* **EXERCISE DIRECTIONS**: In the records below, find the line with "山形支部10月セミナーのご案内を申し上げます。 テーマ:社員の多様性を活かすチーム経営とは? 講師:松田友理江" and repeat exactly every line from it through the line with "這種陽光房使用時可以鎖起來,冷的時候可以". Pictures stay out.

== DATA IN THIS EXERCISE

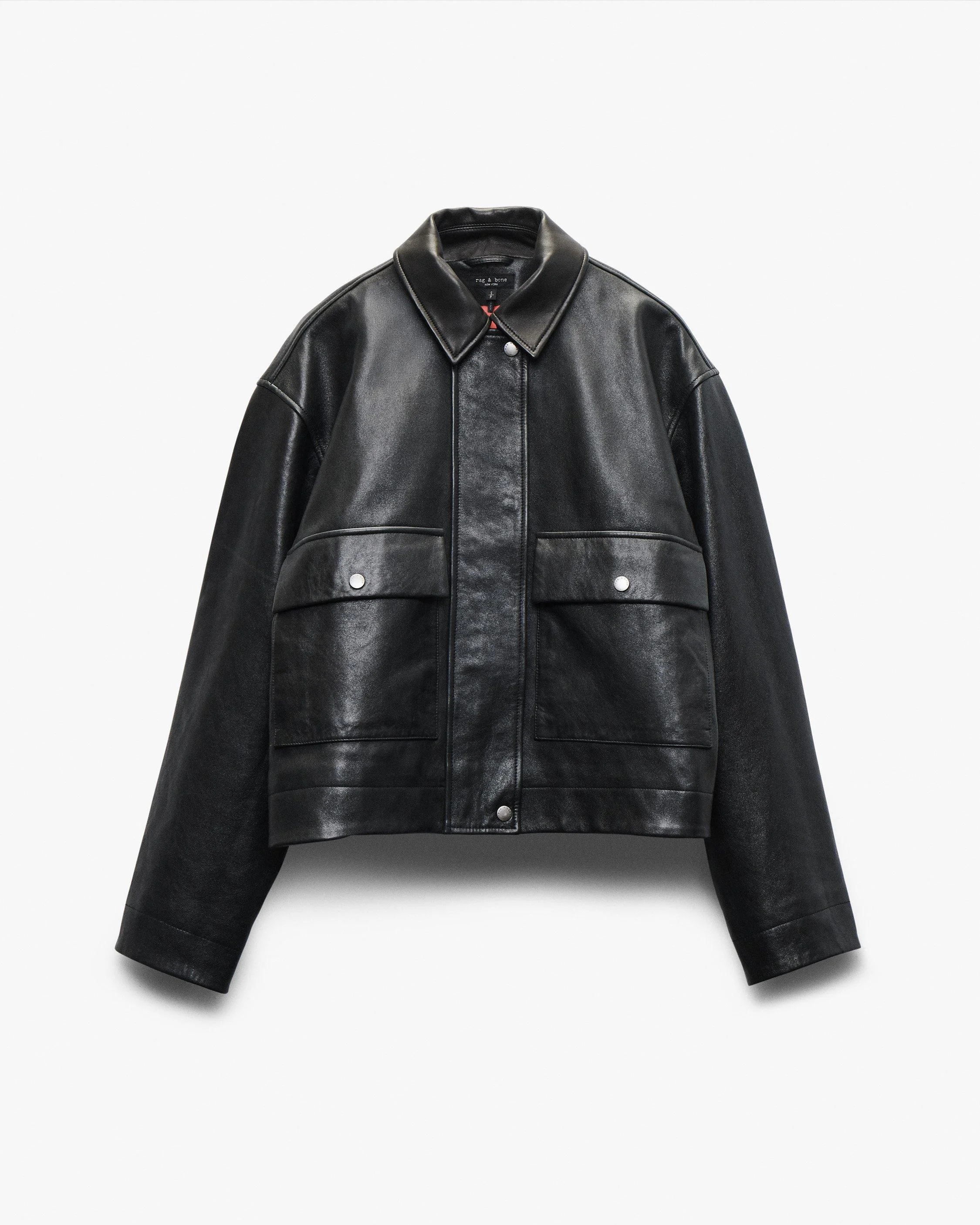 One of our best-selling jackets. Updated in soft-yet-structured lambskin with a vintage-inspired, lived-in look and feel. Combined with a cropped, boxy fit and a silky quilted lining, this is the one you'll reach for every season, year after year. Size & Fit • Croppped fit, slightly oversized • Fits true to size • Size Small: Body length 23.5", back length 22.75", chest 47", sleeve length 33" • Model is 5'11" wearing size small Features & Details • Body & collar: 100% lamb leather • Lining: 100% polyester • Professional leather cleaner only • Hidden zipper at center front • Exposed and hidden snaps at center front flap, collar & pockets • Patch pockets on front • Zipper and snap closure • Imported Product ID: RA5A25F0MCR
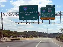 | 177,20 | 285,20 | 176 | Terminus nord du multiplex avec US 501; indiqué sortie 176A (Gregson Street) et 176B (Roxboro) | |||
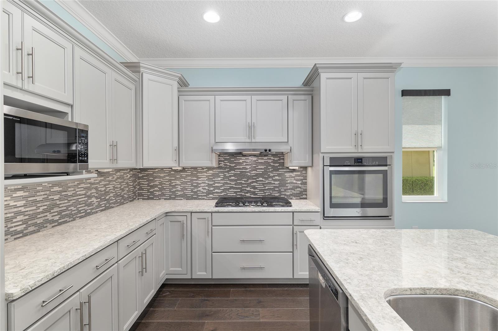Life's too short for yard work - unless it's efforts to enhance your own beautiful garden! Welcome to this delightful 2 bedroom, 2 bath home in the community of On Top of the World. Your lawn will be maintained by the community - opening up time for you to pursue your interests and goals. Bonus: there's an actual bonus room, perfect for tackling hobbies, running a home office, or finally writing that novel. Sip something cold on the screen lanai, soak up the sunshine on the patio, and enjoy front-row views of the golf course - without ever having to chase a golf ball. The star of this backyard is a lovely garden surrounding a herringbone patterned, Chicago brick patio with a fountain - a setting that practically begs for Instagram photos. This is Florida living with style (and fun). The only thing missing is you! This home has lots of upgrades from the standard Marina Model - an expanded floor plan with 3 extra feet in the garage in depth, plus the bonus room; engineered hardwood floors throughout the home; quartz countertops and tile backsplash in the kitchen; 5 burner, gas cooktop; soft close built-in linen and closet organizers in the primary suite; 'drop zone' built-ins components as you enter the home from the garage; custom light fixtures; water softener; and so much more that you need to see in person! Exterior Paint 2024. Tankless Gas Rinnai Hot Water Heater 2025.
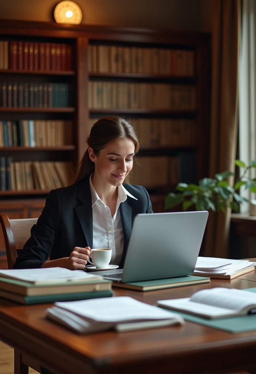 In a quiet, elegant library, a professional woman sits at a large wooden table with a cup of espresso. Surrounding her are stacks of reference books and papers, and her laptop is open with several tabs visible on the screen. The ambiance is serene, with the subtle sound of pages turning and a clock ticking in the background. She takes a moment to sip her coffee, deeply immersed in her research and thoughts.
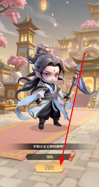 1、新手玩家在输入框填写角色称呼,确认后点击提交按钮,完成角色创建流程,开启在游戏中的冒险旅程。
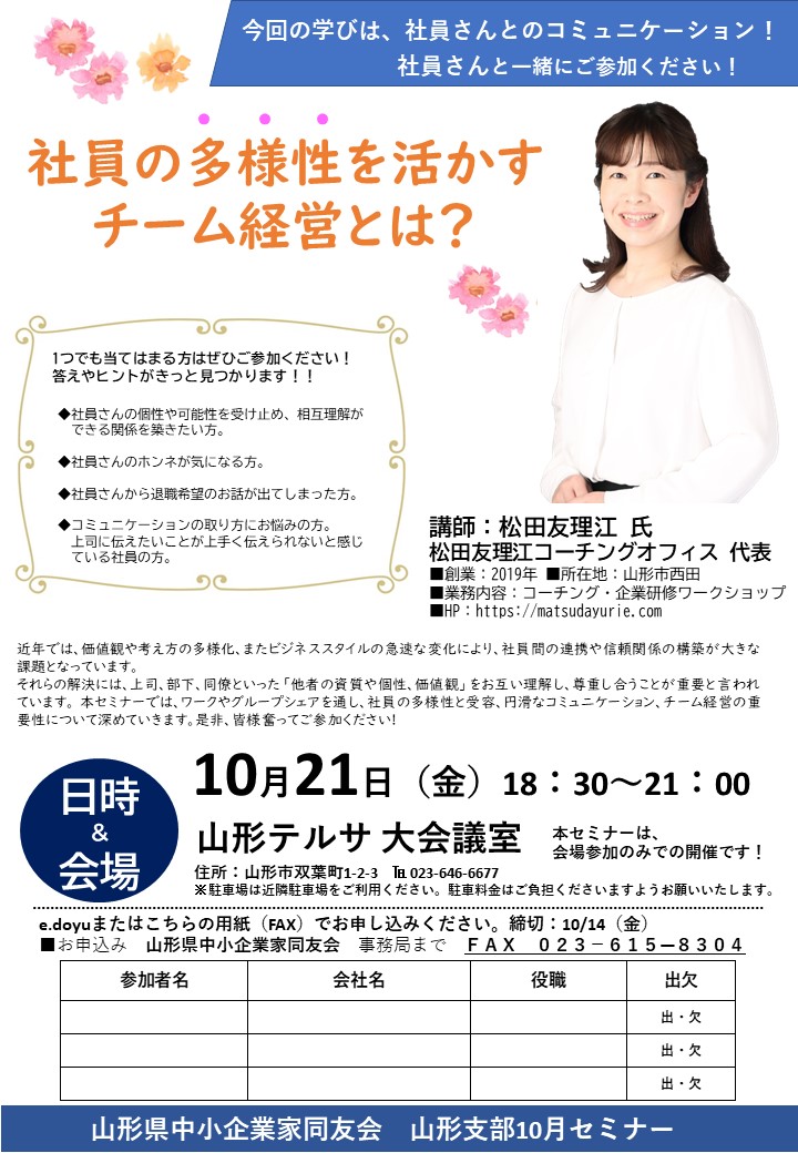 山形支部10月セミナーのご案内を申し上げます。 テーマ:社員の多様性を活かすチーム経営とは? 講師:松田友理江 氏 松田友理江コーチングオフィス 代表 日時:10月21日(金)18:30~21:00 会場:山形テルサ 大会議室 近年では、価値観や考え方の多様化、またビジネ...
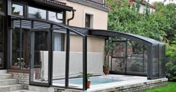 這種陽光房使用時可以鎖起來,冷的時候可以讓你曬曬太陽,不會覺得冷,也非常適合接待客人。有些家庭還會在里面建一個游泳池,不使用時會直接縮起來,這樣就可以用作裝飾,不會占用空間。
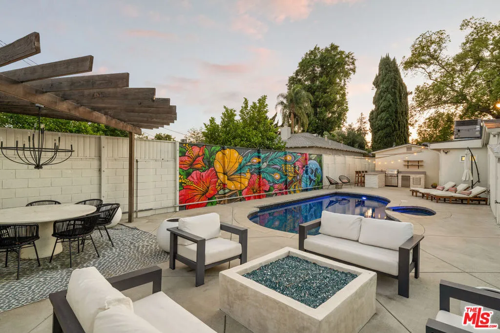 Set on a generous corner lot, this beautifully reimagined residence offers the perfect blend of style, comfort, and resort-inspired living. A charming front yard welcomes you home, setting the tone for what lies beyond an inviting sanctuary thoughtfully remodeled in 2022 with a newer roof and timeless upgrades throughout. Inside, a chef's kitchen anchors the home, seamlessly connecting to an open floor plan designed for effortless entertaining and everyday living. Light-filled spaces flow naturally from room to room, creating an atmosphere that feels both refined and relaxed. Step outside to a private backyard retreat where indoor-outdoor living truly shines. Enjoy a built-in BBQ and eat-in island, ideal for hosting gatherings, alongside an in-ground pool and spa that evoke a vacation-at-home experience. Evenings are elevated by a cozy fire pit and an inviting al fresco dining area, perfect for memorable moments under the stars. This is more than a home, it's a rare opportunity to own a turnkey property that celebrates space, style, and exceptional outdoor living.
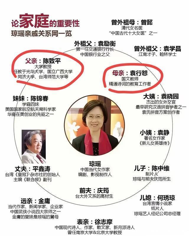 陈中维是琼瑶和作家庆筠所生。 平云、平莹等三个子女是平鑫涛和前妻林婉珍的宝贝孩子。 一度,平鑫涛还试图让三个孩子理解他之所以坚定与琼瑶走到一起的原因。
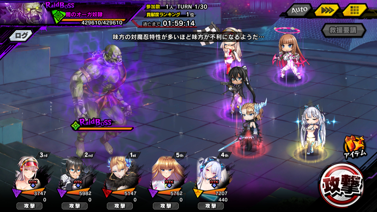 ▲レイドボスが全然出現してくれなかったので、とりあえずLv.35闇のオーガ奴隷の画像。特殊ルールがいろいろ付属しているが、要するに「味方に対魔忍がいると、特性デバフが付与される」という内容だ。対魔忍が多いとデバフの効果量も増える
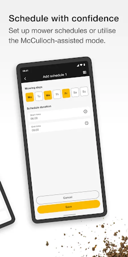 An intuitive way to tell ROB what to do • Intuitive and clear control interface direct from your smartphone • Gives you the ability to send instant mower commands i.e go home, start or finish mowing etc. • Easily manage ROB’s cutting schedule to fit around your needs and lifestyle.
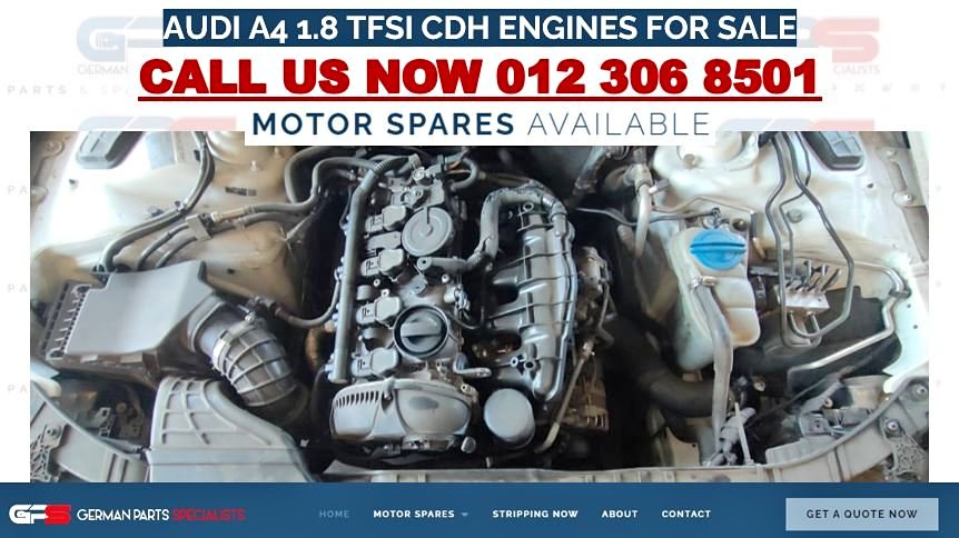 AUDI A4 1.8 TFSI CDH USED ENGINES FOR SALE Automotive parts store for Audi We deliver and courier nationwide. Payment on delivery available. Our website: https://germanparts-specialist.co.za/ https://wa.me/+27727402210view more https://wa.me/+27816890718view more Landline: 012 306 8501view more E-mail: Please leave us a review: https://g.page/r/CcrBNb5GEdkJEAI/review 439 Vom Hagen Street, Pretoria West Kindly note we don’t advertise prices German Parts Specialist - Suppliers of second-hand used and new replacement spare parts. We offer quality and affordable OEM products new and used replacement spare parts for Audi. We are an automotive scrapyard and parts store with a wide range of vehicles that we salvage and break/ strip for spare parts. We stock a variety of aftermarket replacement parts. We stock parts such as engines, engines replacement spare parts, gearboxes, body spare parts, suspension, steering, auto electrical parts, rims and second- hand tyres and more. Please be advised that the parts are subject to availability. #auditfsi #audia1 #audia3 #audia4 #audia5 #audia5 #audia6 #audia7 #audia8 #q3 #q5 #q7 #audis5 #audis6 #audis3 #auditt #quattro #audirs3 #rs3 #rs4 #sportback #audiusedspares #audinewparts
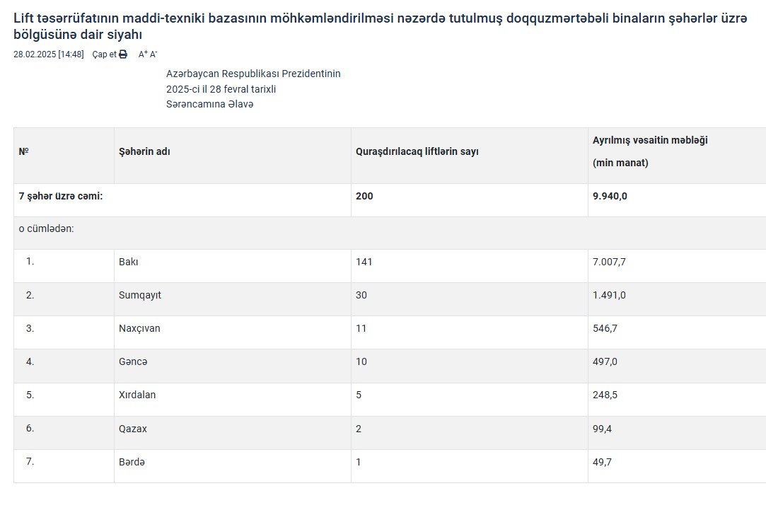 Marja xəbər verir ki, Sərəncama əsasən, Azərbaycan Respublikasının 7 şəhərində çoxmənzilli binaların lift təsərrüfatının maddi-texniki bazasının möhkəmləndirilməsi məqsədilə “Azərbaycan Respublikasının 2025-ci il dövlət büdcəsi haqqında” Azərbaycan Respublikasının 2024-cü il 16 dekabr tarixli 93-VIIQ nömrəli Qanununun tətbiqi ilə bağlı bir sıra məsələlər barədə” Azərbaycan Respublikası Prezidentinin 2024-cü il 27 dekabr tarixli 268 nömrəli Fərmanının 1.12.4.4.12-ci (Təhlükəsizlik, sosial-iqtisadi və digər tədbirlərin maliyyələşdirilməsi) abzasında nəzərdə tutulmuş vəsaitdən 9 milyon 940 min manatı bu Sərəncama əlavə edilmiş siyahıya uyğun olaraq şəhər və rayon icra hakimiyyətlərinə ayrılır.

====

* **EXERCISE RESULT**:
 山形支部10月セミナーのご案内を申し上げます。 テーマ:社員の多様性を活かすチーム経営とは? 講師:松田友理江 氏 松田友理江コーチングオフィス 代表 日時:10月21日(金)18:30~21:00 会場:山形テルサ 大会議室 近年では、価値観や考え方の多様化、またビジネ...
 這種陽光房使用時可以鎖起來,冷的時候可以讓你曬曬太陽,不會覺得冷,也非常適合接待客人。有些家庭還會在里面建一個游泳池,不使用時會直接縮起來,這樣就可以用作裝飾,不會占用空間。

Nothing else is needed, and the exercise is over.